Il procuratore di Catanzaro bolla infatti l’episodio di Amato come “un’anomalia nel sistema. La ‘ndrangheta non fa queste cose”. A chi domanda un giudizio sul fatto che nel processo siano stati coinvolti in modo solo marginale esponenti del mondo politico (l’unico e’ l’esponente di Forza Italia Giuseppe Pagliani, condannato in primo e secondo grado e assolto in Cassazione), Gratteri risponde: “La Procura puo’ operare solo su quello che e’ sul tavolo. Noi sappiamo tante cose, ma per tradurle in processi e sentenze ci vogliono delle prove”. Fondamentale poi fare rete tra le Procure: “Se in un mio processo emerge un’intercettazione che riguarda un altro territorio, chiamo il magistrato e in 48 ore gliela faccio avere. Se viceversa dall’altra parte non succede, questo deve succedere”. Secondo Gratteri, infine, “sensibilizzare l’opinione pubblica e’ fondamentale, ma la gente collabora, non e’ omertosa. Nella mia esperienza a Catanzaro vedo che quando la gente capisce che si puo’ fidare, che siamo costanti e ogni giorno sul pezzo, nel cuore della ‘ndrangheta ci sono decine e decine di persone che chiedono ogni giorno di parlare con me”.
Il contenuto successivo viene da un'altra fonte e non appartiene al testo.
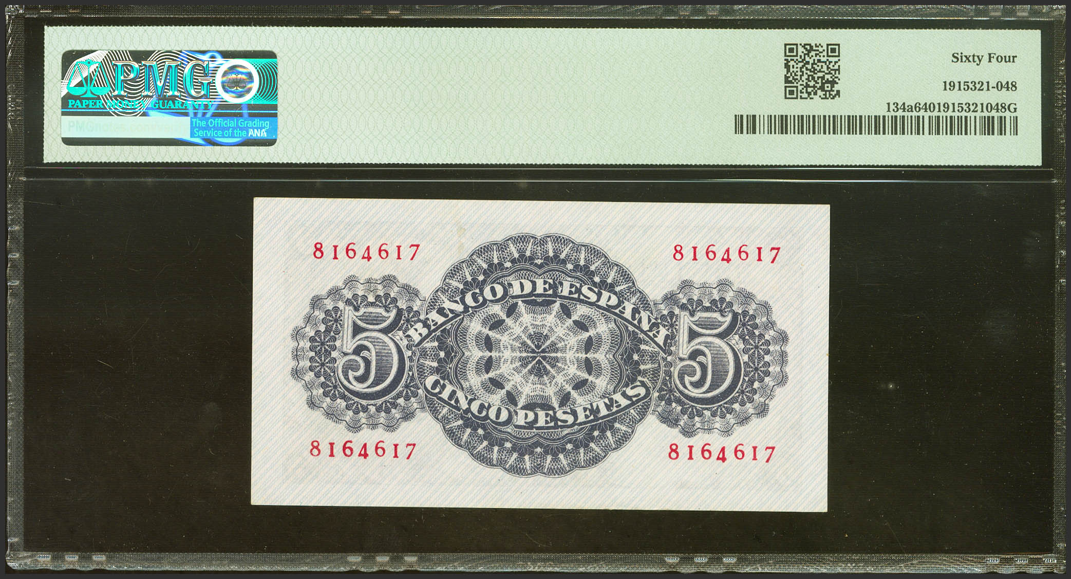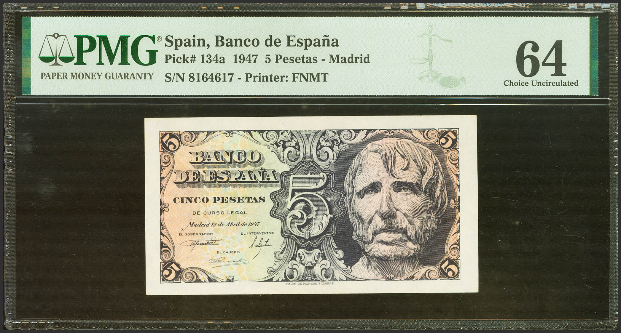 5 Pesetas. 12 de Abril de 1947. Sin serie. (Edifil 2023: 454, Pick: 134a). SC. Encapsulado PMG64.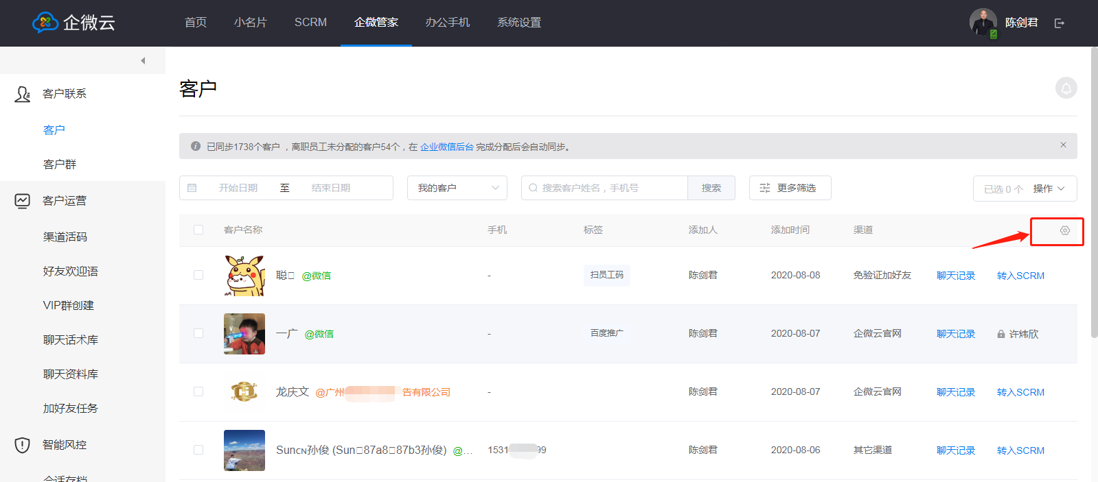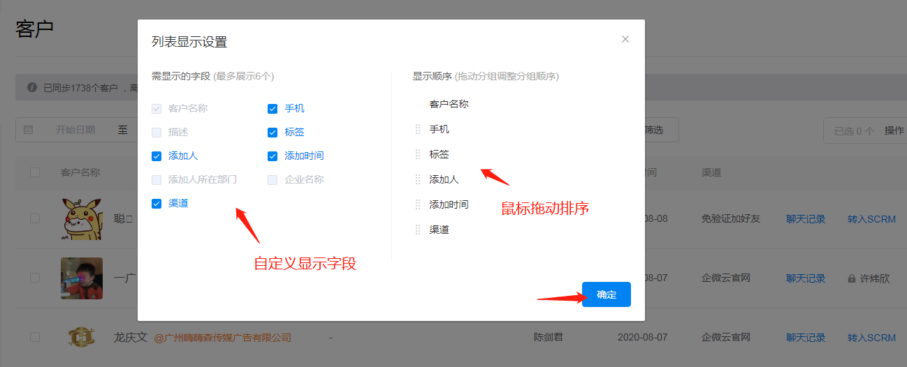 根据企业不同成员对客户列表展示内容需求的不同,可以在企微管家设置客户列表的展示字段。

“Gli anticorpi economici sono stati i primi a cadere”
In Emilia-Romagna a cedere per primi consentendo alla ‘ndrangheta di infiltrarsi sono stati “gli anticorpi economici”. Nicaso rimarca che le sue prime denunce – risalenti a circa 10 anni fa – erano state accolte con “scetticismo, quasi negazionismo”, ma “noi avevamo sottolineato un aspetto importante, avevamo visto che a cedere per primi erano stati gli anticorpi economici”. La “‘ndrangheta spesso, quando lascia i territori di origine, diventa e si trasforma in una specie di agenzia per servizi. Avendo soldi e avendo accumulato soldi con attivita’ illecite ha il solo obiettivo di riciclare il denaro e giustificare la ricchezza”.

Dunque, aggiunge Nicaso, “si poteva certamente permettere, direttamente o indirettamente, ma spesso tramite prestanome, di offrire servizi con ribassi anche considerevoli e quindi molti imprenditori hanno ceduto alla logica della massimizzazione dei profitti e della riduzione dei costi”. E ancora: “La ‘ndrangheta si nutre di miti e li utilizza per far credere a tutti di essere un’organizzazione nata per difendere i deboli contro i forti e i poveri contro i ricchi, ma ha avuto sempre questa vocazione economica”.

Poi, una volta che si insedia la ‘ndrnagheta, “segue un’equazione che abbiamo riscontrato un po’ dappertutto: ci sono prima gli investimenti, poi gli insediamenti e poi si cerca di entrare in contatto con la societa’ civile attraverso quella zona grigia di consulenti finanziari particolarmente consapevoli della minaccia e dell’accordo con ‘ndranghetisti e loro rappresentanti”. In Aemilia non a caso “e’ stata condannata una consulente finanziaria, (Roberta Tattini, ndr) che al telefono si vantava col padre di avere a che fare con il numero uno della ‘ndrangheta (Nicolino Grande Aracri, ndr)”.

Per Nicaso, quindi, “bisogna sfatare i miti e capire che le mafie sono soggetti economici capaci di clonare le loro attivita’. Questo – dice lo studioso agli studenti reggiani che lo ascoltano – ci impone uno degli elementi fondamentali che e’ quello che della conoscenza. Dobbiamo conoscere per capire e capire per scegliere da che parte stare”. Concorda il presidente della Provincia Giorgio Zanni: “Vanno sfatati i miti di una mafia buona, che tale non e’, mentre strangola le nostre comunita’ e la nostra economia sana” (Fonte Dire).